Sobre las corridas de toros

10 de diciembre de 2015 - 00:00

Emito mi comentario con relación al artículo publicado por este diario el 6 de diciembre de 2015, denominado ‘En las corridas, un toro sufre tanto estrés que anula su capacidad de defensa’. En primer lugar, el artículo resume las presunciones propias del taurófobo que imagina -por lo tanto, no ha presenciado- una corrida de toros.

Representa al toro como sujeto pasivo de un acto miserable, sobre el que recae la acción de sádicos sujetos activos que lo torturan hasta su muerte. Nada más alejado a la realidad de un espectáculo en donde la vida y la muerte forman una unidad dialéctica inseparable, en la que el toro constituye nuestra razón de ser, nuestro verbo rector, sujeto activo de una contienda en la que embiste, ataca y se defiende de manera permanente, frente al torero que pone en juego su propia vida en similares dimensiones.

El subjetivo imaginario del taurófobo evoluciona rápidamente de creencia personal a verdad absoluta; se nutre de toda clase de presupuestos calificados hasta de ‘científicos’, que repetidos hasta el cansancio alimentan su propio prejuicio y ponen al descubierto su único ‘argumento’: su sensibilidad, respetable por cierto, ante la naturaleza del espectáculo.

En esa línea ‘científica’, se pretende endilgar al aficionado –incluso– afecciones o patologías de orden psiquiátrico y psicológico: tan reprochable proceder pone al descubierto la evolución de su taurofobia hacia la intolerancia, raíz de la violencia de la que el colectivo taurino es víctima constante, a vista y paciencia de la autoridad pública. Me ha llamado la atención la paladina afirmación de que la Unesco habría condenado abiertamente la práctica de la tauromaquia. Esto es falso, no existe pronunciamiento oficial alguno de la Unesco en este sentido, el redactor debería investigar más y mejor. De hecho, a través de la Asociación Internacional de Tauromaquia (AIT) se ha planteado como objetivo para el próximo año la inclusión de la fiesta brava dentro del listado Patrimonio Cultural Inmaterial de la Humanidad (PCI), meta de largo aliento que requiere como paso previo, entre otros, la declaración de la tauromaquia como PCI en las legislaciones nacionales de los países que promuevan tal solicitud, tal y como ocurrió en España, en septiembre de este año.

No es exacto indicar que la fiesta brava a la usanza española llegó a Ecuador en las primeras décadas del siglo XX, y que esta se constituyó en una práctica elitista.
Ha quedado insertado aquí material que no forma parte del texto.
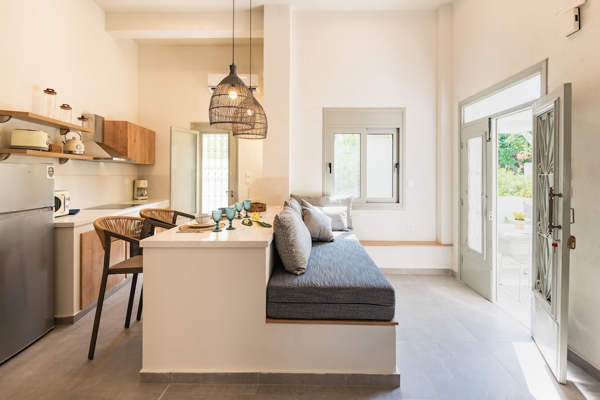 Απολαύστε την απόλυτη χαλάρωση σε αυτό το κομψό και πλήρως εξοπλισμένο στούντιο με μαγευτική πανοραμική θέα στη θάλασσα. Το διαμέρισμα διαθέτει ένα άνετο διπλό κρεβάτι και καναπέ-κρεβάτι, ιδανικό για να φιλοξενήσει έως 3 άτομα. Η ιδιωτική αυλή με σαλόνι εξωτερικού χώρου σας προσκαλεί να απολαύσετε τον καφέ ή το κρασί σας με θέα το απέραντο γαλάζιο. Ιδανικό για ζευγάρια, φίλους ή οικογένειες που αναζητούν πολυτελή διαμονή με άνεση και στυλ, μακριά από τον θόρυβο της πόλης.

Más allá de la odiosa adjetivación con la que se pretende infundir en el lector prejuicios de clase, las referencias históricas sobre la realización de los primeros espectáculos taurinos en Quito se ubican en 1573, es decir, 39 años después de la fundación, y existen noticias de que en 1549 se realizaron corridas de toros en Quito con motivo de las celebraciones de la Pascua.

En todo caso, en julio de 1898 se llevó a cabo en Quito la primera corrida a la usanza española, con toros de la ganadería Pedregal, lidiados con la participación de los diestros españoles Manuel Pomares y Manuel Vera.
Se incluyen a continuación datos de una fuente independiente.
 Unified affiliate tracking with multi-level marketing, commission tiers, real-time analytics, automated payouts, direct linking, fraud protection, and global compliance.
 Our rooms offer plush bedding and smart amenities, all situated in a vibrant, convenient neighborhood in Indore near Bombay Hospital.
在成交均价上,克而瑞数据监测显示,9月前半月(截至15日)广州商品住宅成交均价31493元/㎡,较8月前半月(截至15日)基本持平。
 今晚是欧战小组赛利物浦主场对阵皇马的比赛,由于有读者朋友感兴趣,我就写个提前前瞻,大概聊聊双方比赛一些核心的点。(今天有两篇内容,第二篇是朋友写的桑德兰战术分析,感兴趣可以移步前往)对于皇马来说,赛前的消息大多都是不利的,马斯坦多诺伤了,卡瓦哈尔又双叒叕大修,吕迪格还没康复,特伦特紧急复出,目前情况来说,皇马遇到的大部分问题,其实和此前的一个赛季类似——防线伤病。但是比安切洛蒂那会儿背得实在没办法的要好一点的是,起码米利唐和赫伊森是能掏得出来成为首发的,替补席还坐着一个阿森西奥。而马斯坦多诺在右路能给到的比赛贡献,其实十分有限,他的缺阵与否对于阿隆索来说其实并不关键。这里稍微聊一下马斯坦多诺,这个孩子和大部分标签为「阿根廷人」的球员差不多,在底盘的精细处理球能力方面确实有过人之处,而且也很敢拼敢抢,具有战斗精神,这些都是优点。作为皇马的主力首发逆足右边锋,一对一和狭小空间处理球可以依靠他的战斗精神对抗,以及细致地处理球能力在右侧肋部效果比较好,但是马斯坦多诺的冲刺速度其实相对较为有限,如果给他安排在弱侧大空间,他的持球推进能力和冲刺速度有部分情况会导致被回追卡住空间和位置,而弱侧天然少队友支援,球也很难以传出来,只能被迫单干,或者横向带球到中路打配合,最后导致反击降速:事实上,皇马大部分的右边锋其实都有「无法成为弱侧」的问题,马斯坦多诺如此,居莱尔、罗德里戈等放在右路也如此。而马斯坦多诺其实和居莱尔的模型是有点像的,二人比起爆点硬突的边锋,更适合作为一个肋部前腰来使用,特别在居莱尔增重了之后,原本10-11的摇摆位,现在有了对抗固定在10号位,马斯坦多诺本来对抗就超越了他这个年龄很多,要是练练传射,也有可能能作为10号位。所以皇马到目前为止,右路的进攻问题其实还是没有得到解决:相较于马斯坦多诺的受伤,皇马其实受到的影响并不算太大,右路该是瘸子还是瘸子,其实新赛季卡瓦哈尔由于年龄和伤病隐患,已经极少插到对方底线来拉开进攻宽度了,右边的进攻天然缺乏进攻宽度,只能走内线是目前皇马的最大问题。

Bajo estos centenarios antecedentes, la negación del arraigo popular de la fiesta brava en los quiteños constituye -por lo menos- un tremendo desacierto, que responde al artificial ancestralismo propugnado desde posiciones neopopulistas que desprecian deliberadamente nuestro histórico mestizaje, y que contrasta con el éxito de asistencia alcanzado durante los festejos organizados en la plaza Belmonte, de lo que curiosamente nada se refiere en el artículo que se comenta.